In emergencies, people become both more fragile and more collective. Culture shifts toward care, localism and shared endurance.
Government: Emergency accelerates authority, policy and trust tests
Emergency pulls government into everyday life. Australia’s pandemic response made this visible through border closures, lockdowns, vaccine rollout and public health mandates. By December 2021, Australia had fully vaccinated 90% of the population aged 16 and over, a remarkable policy and logistical achievement. But emergency governance also sharpened public scrutiny. The 2025 Edelman Trust Barometer found Australia had slipped into “distrust territory,” showing how fragile institutional legitimacy becomes when emergency powers persist or when social grievance deepens.
Bushfires showed a parallel pattern. The Royal Commission into National Natural Disaster Arrangements was established after Black Summer precisely because the scale of the crisis exposed coordination failures and the limits of existing systems. Emergency, in other words, acts as a policy accelerator: it compels government to intervene fast, but it also leaves a long tail of accountability.
In culture, government during emergency is not just administrator-in-chief; it becomes a symbol of whether systems can still protect people under pressure.
Place: Emergency transforms land, home and belonging
Place is where people gather, work, travel and belong. Emergency destabilises all of that. Black Summer destroyed more than 3,000 homes, and the 2022 floods led to more than 240,000 insurance claims valued at roughly $6 billion, including billions in home property losses. Emergency therefore changes place materially — homes are lost, towns are scarred, insurability shifts — but also culturally, because people begin to see familiar environments as exposed, unstable or newly sacred.
Climate data reinforces this shift. Australia has warmed by about 1.47°C since 1910, increasing the likelihood and severity of extreme heat, fire weather and other compound risks. This means “place” in Australia is increasingly interpreted through a resilience lens: not just where we live, but whether that place can endure.
Emergency turns place into a cultural question, not just a geographic one: where is safe, what is worth rebuilding, and how do communities stay attached to damaged landscapes?
Brands: Emergency turns commercial actors into moral actors
Emergency also reshapes brand expectations. In times of crisis, Australians watch what companies do, not just what they say. During Black Summer, corporate and philanthropic donations surged, with public reporting estimating that bushfire-related donations had passed $500 million within weeks. At the same time, trust in Australian enterprises has become more brittle, with repeated trust failures across major companies in recent years reinforcing public scepticism.

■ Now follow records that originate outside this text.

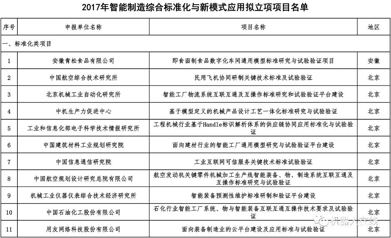 6月7日,工信部发布了“2017年智能制造综合标准化与新模式应用拟立项项目公示”,根据《工业和信息化部办公厅 财政部办公厅关于发布2017年工业转型升级(中国制造2025)资金工作指南的通知》,拟选入165个项目进行公示。与“2016年智能制造综合标准化与新模式应用项目的公示”相比,今年的项目增长了21个。
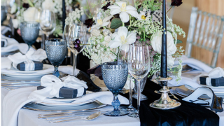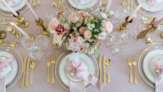 ✨ CaterHire pick: Gold-Rimmed Crockery, Mother of Pearl Cutlery, Glass Charger Plates
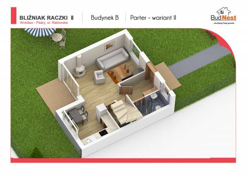 Północna część Wrocławia i pobliskie miejscowości to okolice przeżywające obecnie intensywny rozwój. Powstające tu centra handlowe, obwodnice i sukcesywnie rozszerzana sieć komunikacyjna sprawiają, że jest to jedna z najatrakcyjniejszych lokalizacji dla osób chcących uciec od miejskiego zgiełku, zachowując jednocześnie niewielki dystans do centrum. Najważniejszym atutem inwestycji Bliźniaki Raczki jest jej położenie - kameralny charakter ulicy Rakowskiej z pewnością otoczy mieszkańców ciszą i spokojem. Pasry od granicy Wrocławia dzieli zaledwie kilometr. Dojazd do ul. Żmigrodzkiej czy ul. Kamieńskiego trwa kilka minut. Przebiegająca tędy obwodnica śródmiejska umożliwia szybki przejazd na południową i zachodnią stronę miasta oraz do autostrady A4. Dojazd do Rynku zajmie jedynie 10 minut. Również osoby niezmotoryzowane nie będą miały problemów z komunikacją do centrum. Autobus linii 908 w 15 minut dojeżdża do Dworca Nadodrze. Znajdujące się w Psarach szkoła podstawowa i przedszkole będą z pewnością wielkim udogodnieniem dla rodzin z dziećmi. Bliźniak Raczki w Psarach jest więc idealną lokalizacją dla osób aktywnych zawodowo, pracujących w centrum i jednocześnie ceniących ciszę i spokój.
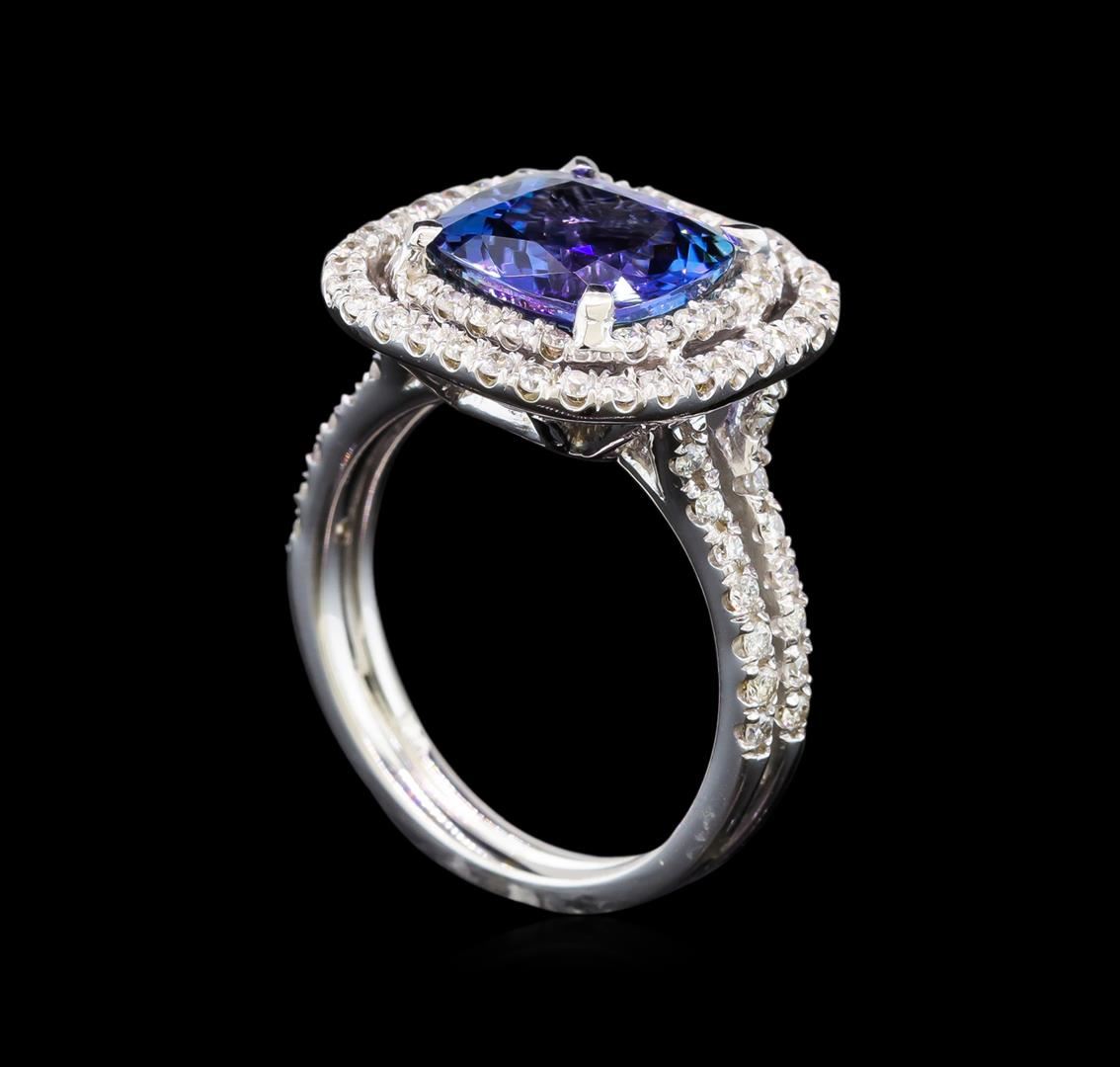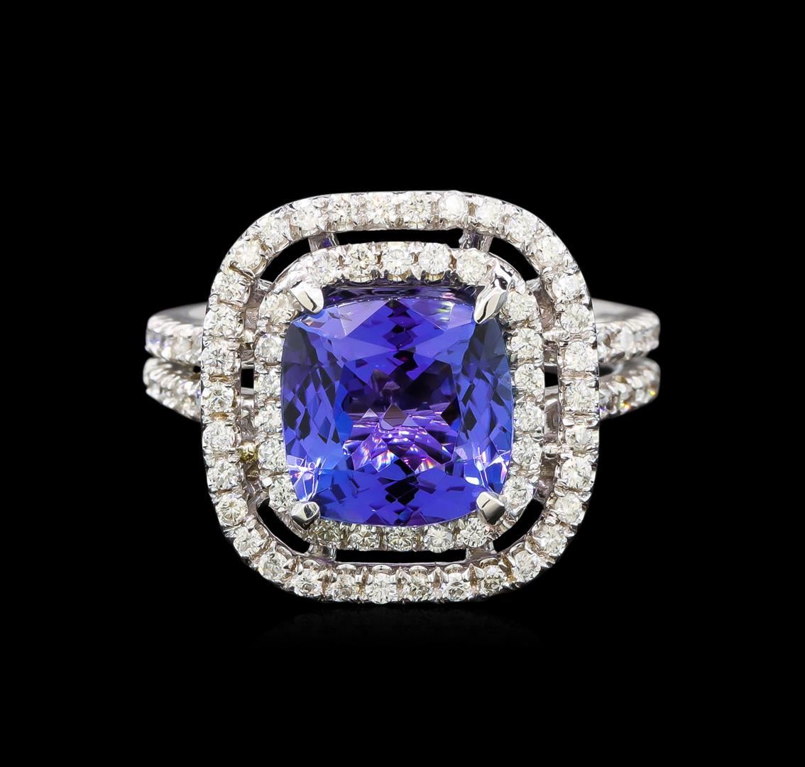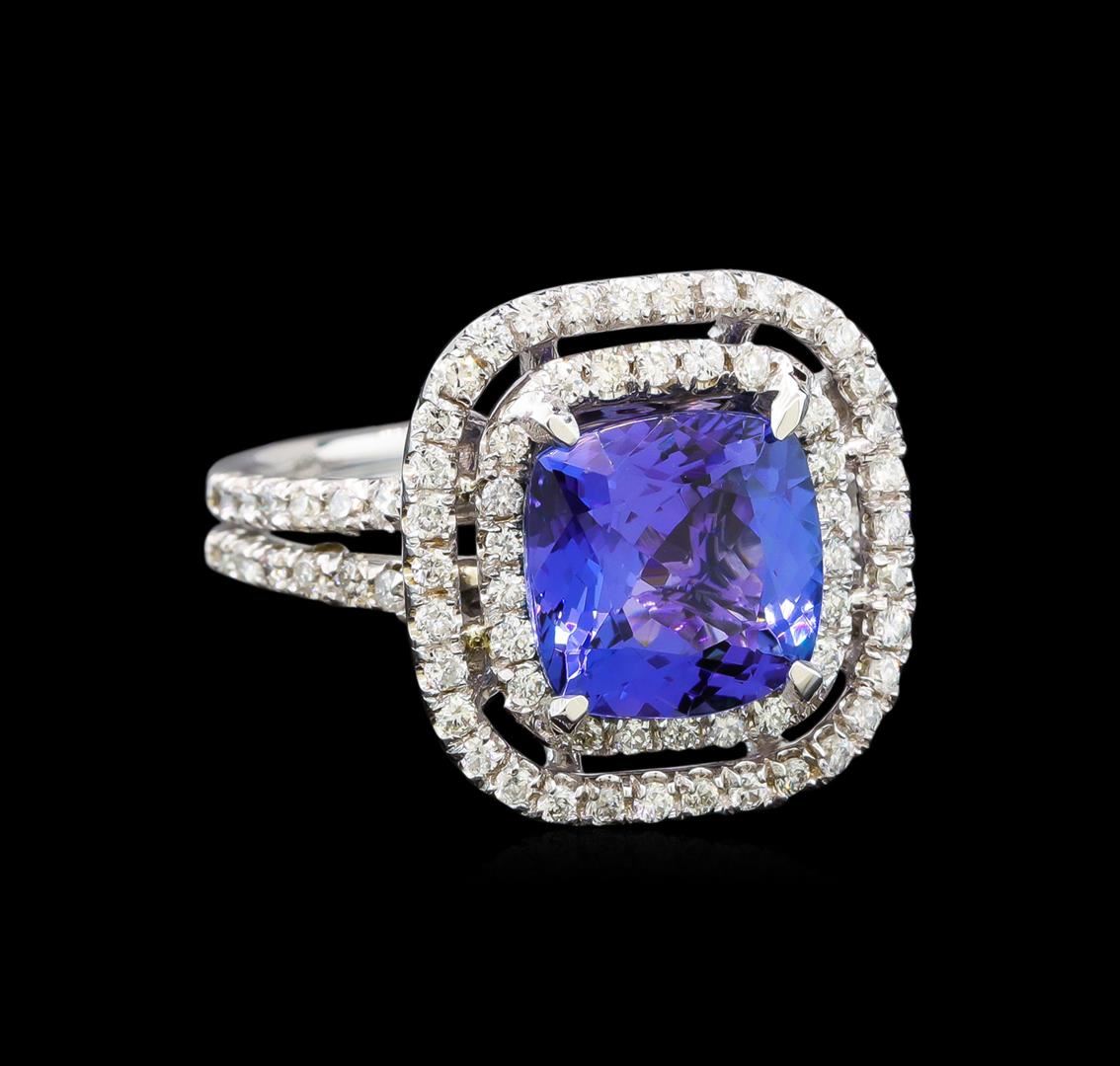 One electronically tested 14KT white gold ladies cast tanzanite and diamond ring with a bright polish finish. Identified with markings of "K14". Condition is new. Containing: One prong set square cushion modified brilliant cut natural tanzanite, measuring 9.20 x 9.20 x 5.98mm, approximate weight of 3.98ct., clarity is eye clean, type I, medium, moderately strong, violet color, (GIA V 5/4), cut is good. Eighty-Eight prong set round brilliant cut diamonds, measuring 1.30 - 1.30 x 0.78mm (depth est.) approximate total weight of 88 Stones = 0.70 ct. Clarity: SI-1 to SI-2. Color: H - I, Cut is Good. Colored gemstones are presumed to have been subjected to commonly used enhancement processes. All diamonds and colored gemstones are graded in the mounting, unless otherwise stated. Total Weight of Colored Stones 3.98ct. Total Weight of Diamonds 0.70 ct. Total Weight of Ring 6.20 grams. GGL Appraised.
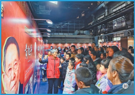 遼寧省沈陽市中國(沈陽)工業(yè)博物館,志愿者在為參觀學(xué)生及市民游客講解科學(xué)家生平和科技知識(shí)。該博物館由沈陽鑄造廠翻砂車間改造而來。王榮巍 攝/人民視覺)
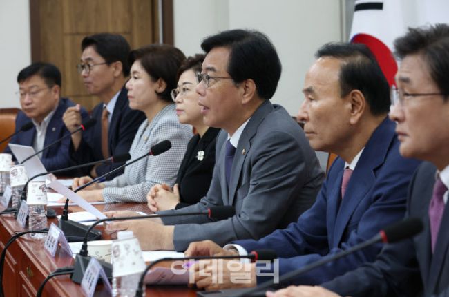 송언석 국민의힘 비상대책위원장 겸 원내대표가 10일 오전 서울 여의도 국회에서 열린 비상대책위원회의에서 모두발언을 하고 있다.

This matters because emergency raises the standard for brand behaviour. Australians increasingly expect business to engage with climate and social responsibility. Deloitte’s 2024 Australian CxO Sustainability Report found that nearly all Australian respondents believed stronger action would be needed to avoid the worst climate impacts, reflecting a business culture under growing pressure to demonstrate preparedness, not just messaging. More broadly, 2025 Australian data showed 76% of Australians weigh sustainability in shopping decisions, while 8 in 10 distrust environmental or social claims made by companies.
In emergencies, brands are absorbed into the cultural response system. They are judged as neighbours, enablers or opportunists — not just vendors.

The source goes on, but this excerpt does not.